-- LISTED ENTRIES follows --
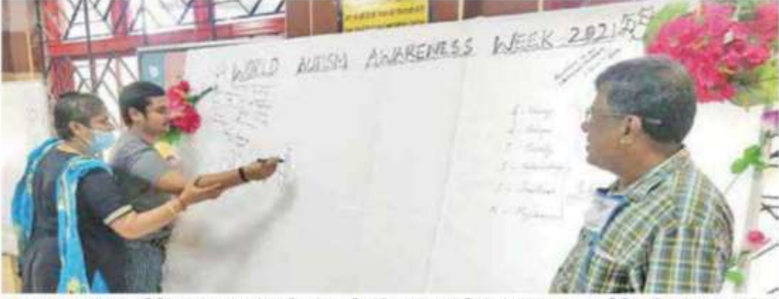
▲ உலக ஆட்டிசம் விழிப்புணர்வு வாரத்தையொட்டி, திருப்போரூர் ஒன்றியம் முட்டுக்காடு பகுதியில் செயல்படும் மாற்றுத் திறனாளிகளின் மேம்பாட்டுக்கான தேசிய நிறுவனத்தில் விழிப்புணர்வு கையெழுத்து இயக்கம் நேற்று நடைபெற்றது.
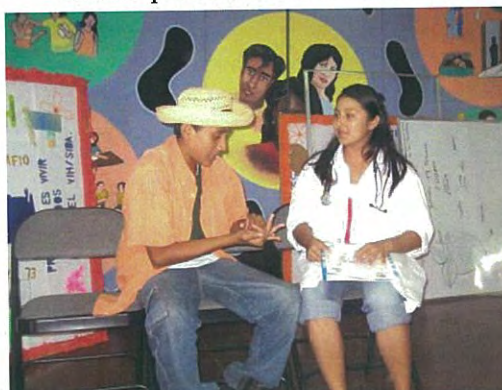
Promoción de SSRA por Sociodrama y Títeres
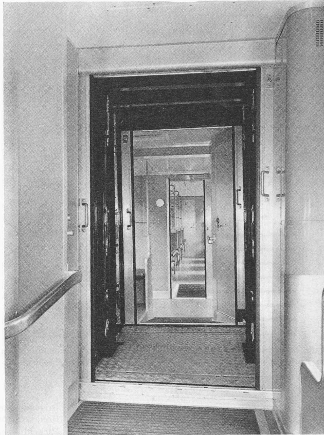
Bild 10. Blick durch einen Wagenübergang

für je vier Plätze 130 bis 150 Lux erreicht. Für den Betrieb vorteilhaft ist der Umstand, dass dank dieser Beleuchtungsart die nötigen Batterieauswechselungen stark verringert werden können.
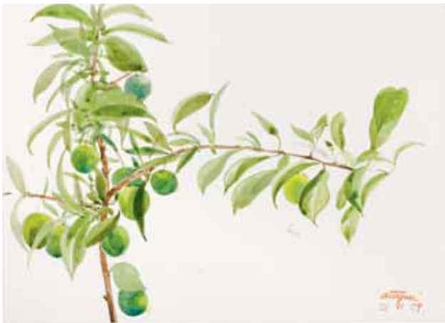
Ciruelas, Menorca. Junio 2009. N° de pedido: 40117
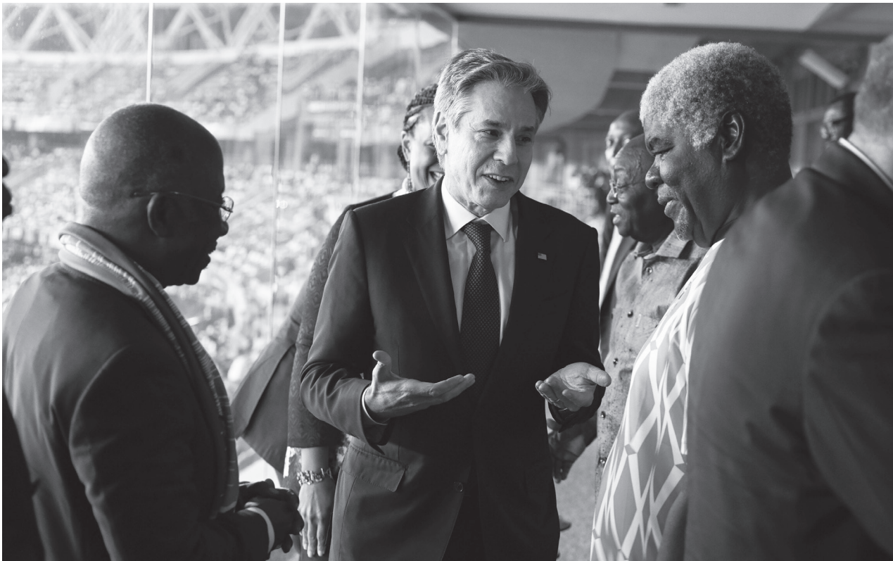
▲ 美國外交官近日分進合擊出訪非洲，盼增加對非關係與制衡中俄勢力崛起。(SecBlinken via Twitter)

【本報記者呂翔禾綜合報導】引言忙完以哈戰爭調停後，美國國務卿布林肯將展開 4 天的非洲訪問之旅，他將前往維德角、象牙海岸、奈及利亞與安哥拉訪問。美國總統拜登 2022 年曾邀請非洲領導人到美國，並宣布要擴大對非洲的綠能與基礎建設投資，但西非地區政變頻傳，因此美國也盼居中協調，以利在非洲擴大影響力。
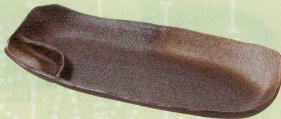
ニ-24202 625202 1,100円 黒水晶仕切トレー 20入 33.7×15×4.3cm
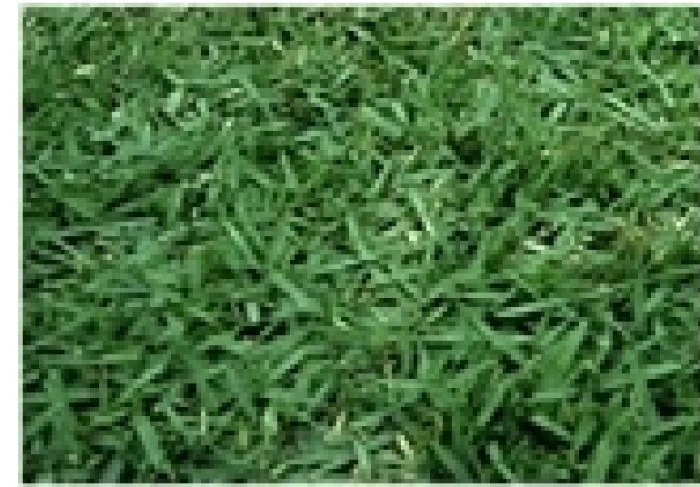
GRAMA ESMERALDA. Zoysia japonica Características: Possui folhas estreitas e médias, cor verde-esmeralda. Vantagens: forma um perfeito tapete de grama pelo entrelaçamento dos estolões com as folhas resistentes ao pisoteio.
-- LISTED ENTRIES concluded --
-- LISTED ENTRIES follows --
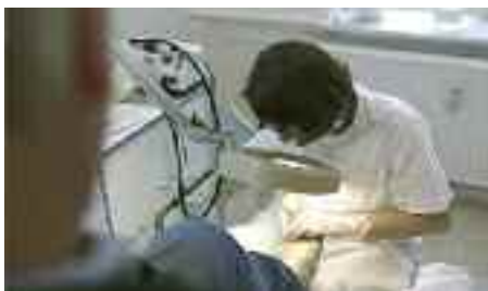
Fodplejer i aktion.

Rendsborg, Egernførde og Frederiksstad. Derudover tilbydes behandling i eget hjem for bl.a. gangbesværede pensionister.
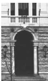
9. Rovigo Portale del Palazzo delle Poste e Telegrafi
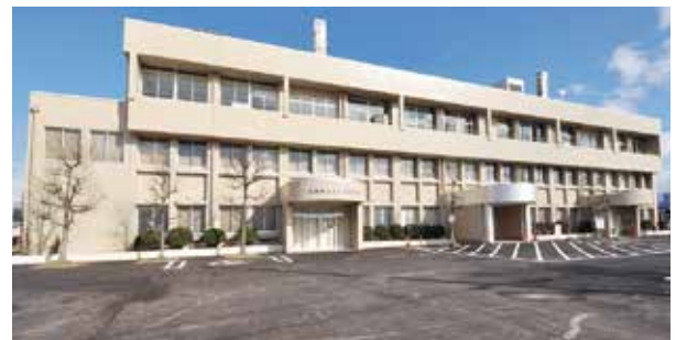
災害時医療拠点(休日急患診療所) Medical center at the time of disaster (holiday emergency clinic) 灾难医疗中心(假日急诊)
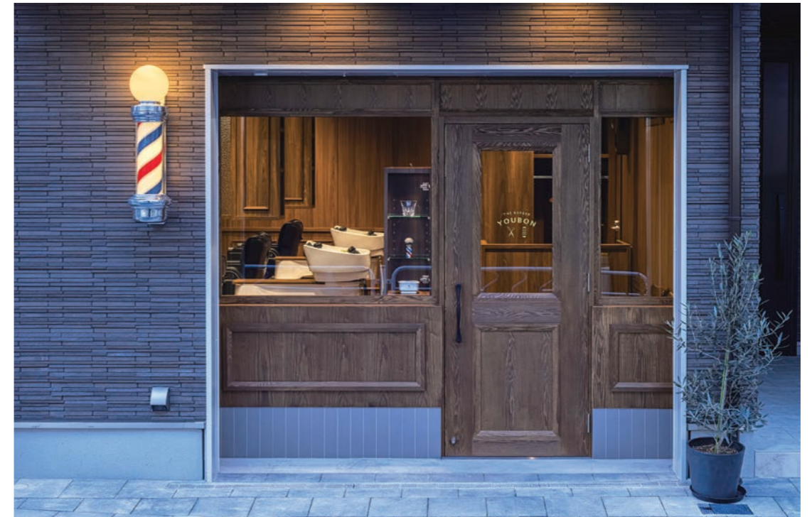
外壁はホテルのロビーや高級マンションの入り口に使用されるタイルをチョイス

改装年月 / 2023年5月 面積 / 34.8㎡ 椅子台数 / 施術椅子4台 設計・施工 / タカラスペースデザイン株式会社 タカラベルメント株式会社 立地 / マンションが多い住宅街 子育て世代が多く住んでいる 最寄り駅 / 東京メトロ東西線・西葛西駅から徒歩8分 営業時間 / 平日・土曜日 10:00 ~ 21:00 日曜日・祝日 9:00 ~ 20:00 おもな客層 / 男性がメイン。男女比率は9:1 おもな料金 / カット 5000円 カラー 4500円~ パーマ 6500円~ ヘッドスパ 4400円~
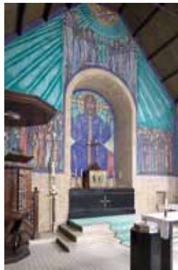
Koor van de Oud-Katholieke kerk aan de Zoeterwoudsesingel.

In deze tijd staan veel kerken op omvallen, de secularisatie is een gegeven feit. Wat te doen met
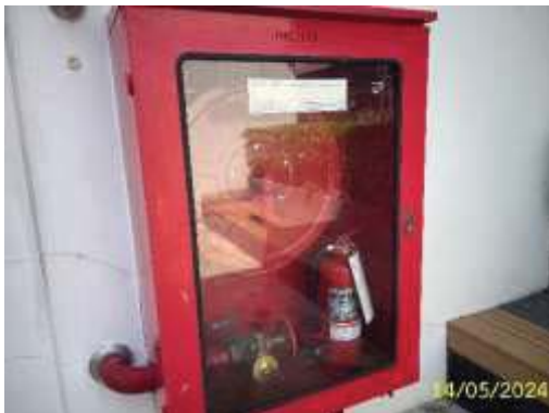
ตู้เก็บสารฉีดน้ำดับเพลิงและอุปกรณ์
-- LISTED ENTRIES concluded --
## REQUIREMENT
Could you repeat, exactly, only the lines above starting at the one that has "美國外交官近日分進合擊出訪非洲，盼增加對非關係與制衡中俄勢力崛起。(SecBlinken via Twitter)" and stopping after the one that has "GRAMA ESMERALDA. Zoysia", without the pictures?

## SOLUTION TO THIS PROBLEM
▲ 美國外交官近日分進合擊出訪非洲，盼增加對非關係與制衡中俄勢力崛起。(SecBlinken via Twitter)

【本報記者呂翔禾綜合報導】引言忙完以哈戰爭調停後，美國國務卿布林肯將展開 4 天的非洲訪問之旅，他將前往維德角、象牙海岸、奈及利亞與安哥拉訪問。美國總統拜登 2022 年曾邀請非洲領導人到美國，並宣布要擴大對非洲的綠能與基礎建設投資，但西非地區政變頻傳，因此美國也盼居中協調，以利在非洲擴大影響力。
ニ-24202 625202 1,100円 黒水晶仕切トレー 20入 33.7×15×4.3cm
GRAMA ESMERALDA. Zoysia japonica Características: Possui folhas estreitas e médias, cor verde-esmeralda. Vantagens: forma um perfeito tapete de grama pelo entrelaçamento dos estolões com as folhas resistentes ao pisoteio.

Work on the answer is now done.